Raw data:
__________

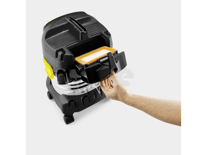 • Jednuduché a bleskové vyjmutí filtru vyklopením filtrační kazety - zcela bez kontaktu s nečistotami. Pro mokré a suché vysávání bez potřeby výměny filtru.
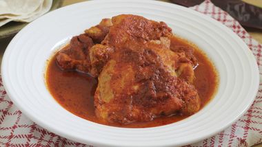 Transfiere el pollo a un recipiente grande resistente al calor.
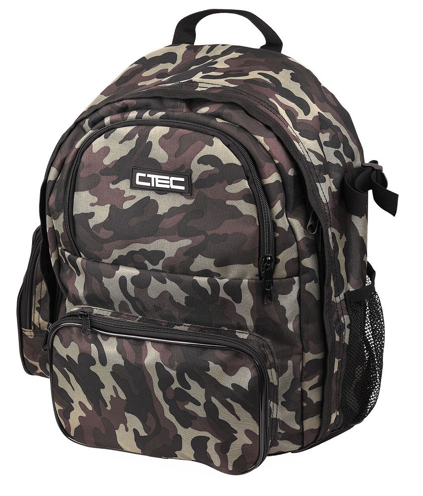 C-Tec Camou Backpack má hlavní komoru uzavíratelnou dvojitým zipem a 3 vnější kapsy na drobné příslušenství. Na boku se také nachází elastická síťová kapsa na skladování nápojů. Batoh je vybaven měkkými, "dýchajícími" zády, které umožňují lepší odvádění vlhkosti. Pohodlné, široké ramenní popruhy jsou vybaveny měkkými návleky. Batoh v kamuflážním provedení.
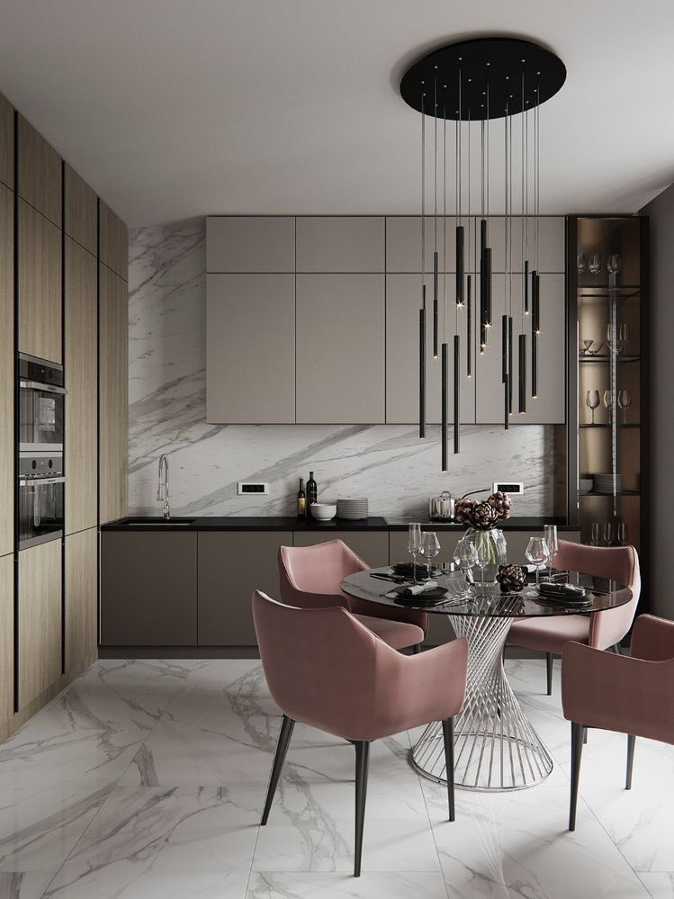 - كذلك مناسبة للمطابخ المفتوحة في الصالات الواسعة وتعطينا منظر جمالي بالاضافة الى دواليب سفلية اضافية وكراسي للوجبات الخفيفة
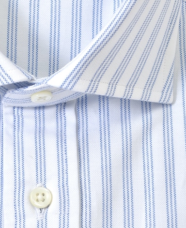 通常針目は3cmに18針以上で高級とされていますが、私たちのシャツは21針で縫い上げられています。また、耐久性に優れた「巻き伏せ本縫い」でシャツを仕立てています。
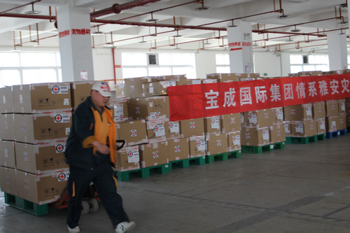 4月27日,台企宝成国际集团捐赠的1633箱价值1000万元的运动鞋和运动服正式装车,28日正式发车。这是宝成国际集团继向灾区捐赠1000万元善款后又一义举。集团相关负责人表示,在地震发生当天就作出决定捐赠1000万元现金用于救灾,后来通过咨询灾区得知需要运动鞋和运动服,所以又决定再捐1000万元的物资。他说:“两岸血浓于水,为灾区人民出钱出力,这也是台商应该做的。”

__________

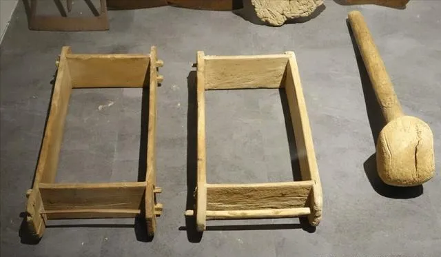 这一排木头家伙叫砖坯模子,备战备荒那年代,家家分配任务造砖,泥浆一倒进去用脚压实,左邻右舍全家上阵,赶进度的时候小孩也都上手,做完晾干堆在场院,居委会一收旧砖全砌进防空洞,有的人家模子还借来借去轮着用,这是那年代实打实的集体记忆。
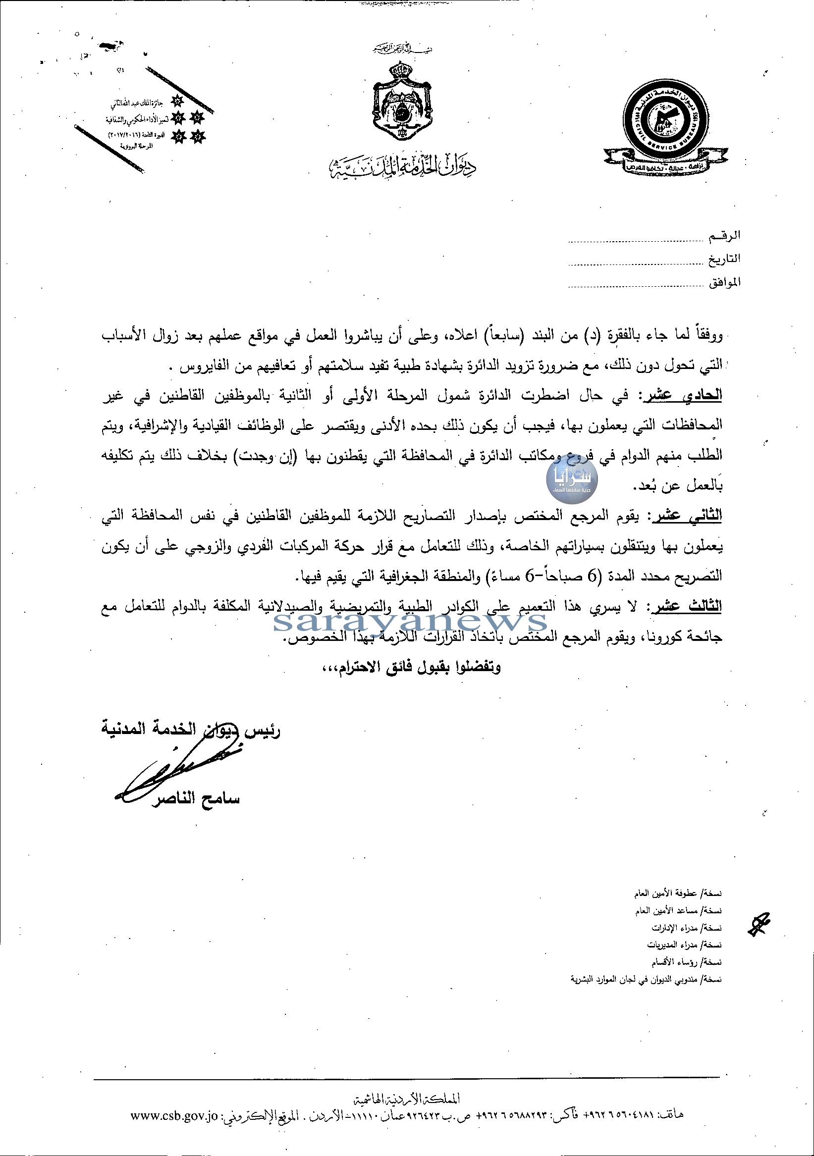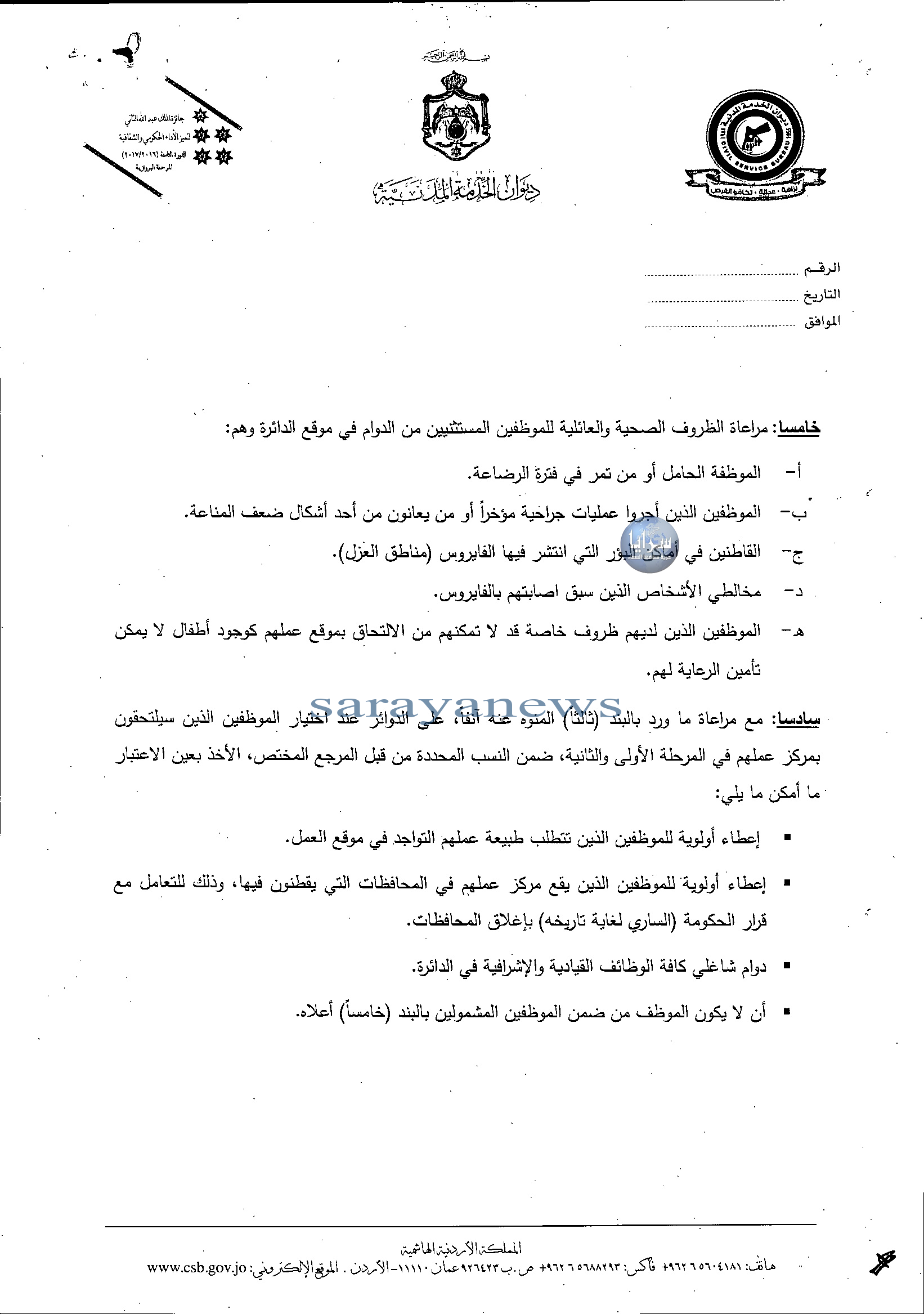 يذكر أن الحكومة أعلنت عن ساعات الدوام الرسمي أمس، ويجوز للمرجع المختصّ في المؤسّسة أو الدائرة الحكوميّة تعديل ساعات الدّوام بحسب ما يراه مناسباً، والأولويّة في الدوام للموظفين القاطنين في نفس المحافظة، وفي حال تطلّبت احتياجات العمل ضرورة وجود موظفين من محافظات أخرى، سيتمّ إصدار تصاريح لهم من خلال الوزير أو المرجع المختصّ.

__________

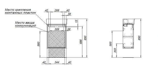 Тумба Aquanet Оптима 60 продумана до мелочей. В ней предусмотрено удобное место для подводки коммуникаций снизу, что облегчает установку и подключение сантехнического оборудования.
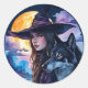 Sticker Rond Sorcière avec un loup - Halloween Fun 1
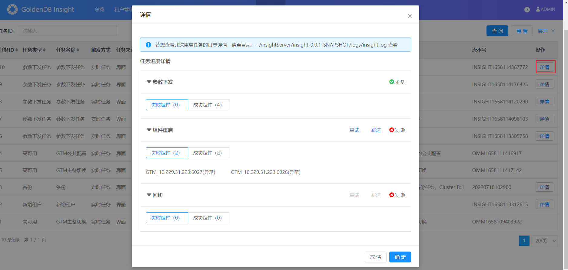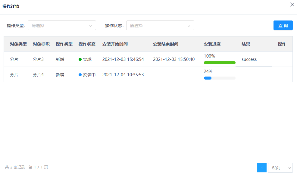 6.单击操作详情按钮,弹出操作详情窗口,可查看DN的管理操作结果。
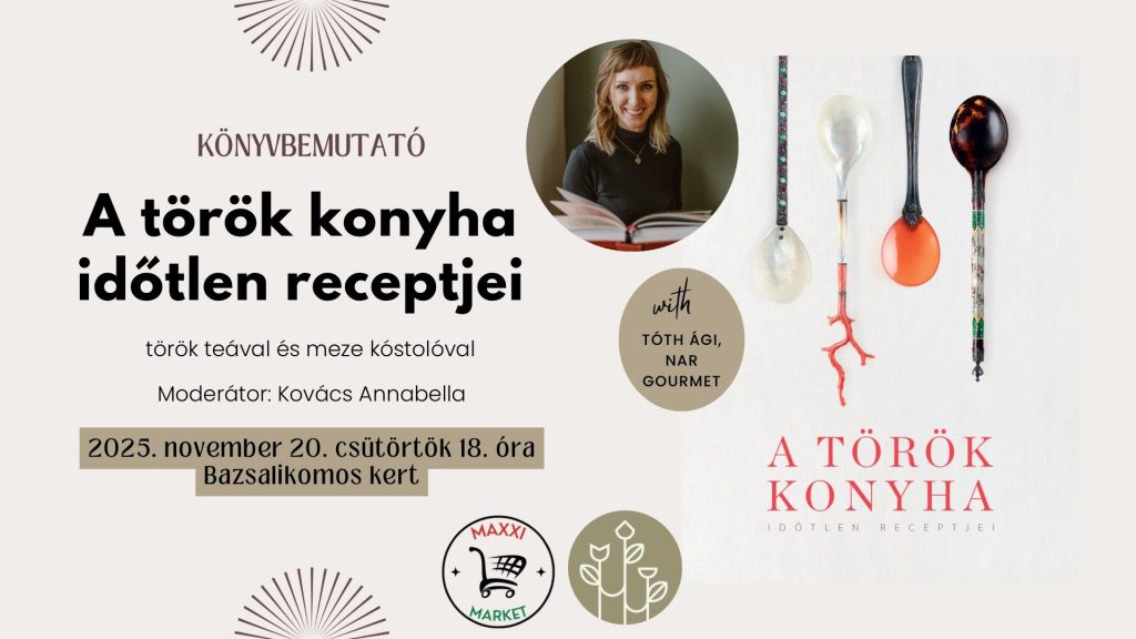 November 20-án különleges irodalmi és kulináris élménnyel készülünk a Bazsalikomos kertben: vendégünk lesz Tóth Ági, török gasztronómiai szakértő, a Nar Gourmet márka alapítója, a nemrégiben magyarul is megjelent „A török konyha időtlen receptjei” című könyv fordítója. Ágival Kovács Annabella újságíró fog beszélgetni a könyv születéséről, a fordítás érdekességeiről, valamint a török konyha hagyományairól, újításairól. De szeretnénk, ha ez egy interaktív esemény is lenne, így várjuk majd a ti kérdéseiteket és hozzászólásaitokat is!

__________

Activity:
Please return the data above exactly as it stands from the line with "potřeby výměny filtru." to the line with "C-Tec Camou Backpack", keeping both of those lines but none of the pictures.

Your response:
 • Jednuduché a bleskové vyjmutí filtru vyklopením filtrační kazety - zcela bez kontaktu s nečistotami. Pro mokré a suché vysávání bez potřeby výměny filtru.
 Transfiere el pollo a un recipiente grande resistente al calor.
 C-Tec Camou Backpack má hlavní komoru uzavíratelnou dvojitým zipem a 3 vnější kapsy na drobné příslušenství. Na boku se také nachází elastická síťová kapsa na skladování nápojů. Batoh je vybaven měkkými, "dýchajícími" zády, které umožňují lepší odvádění vlhkosti. Pohodlné, široké ramenní popruhy jsou vybaveny měkkými návleky. Batoh v kamuflážním provedení.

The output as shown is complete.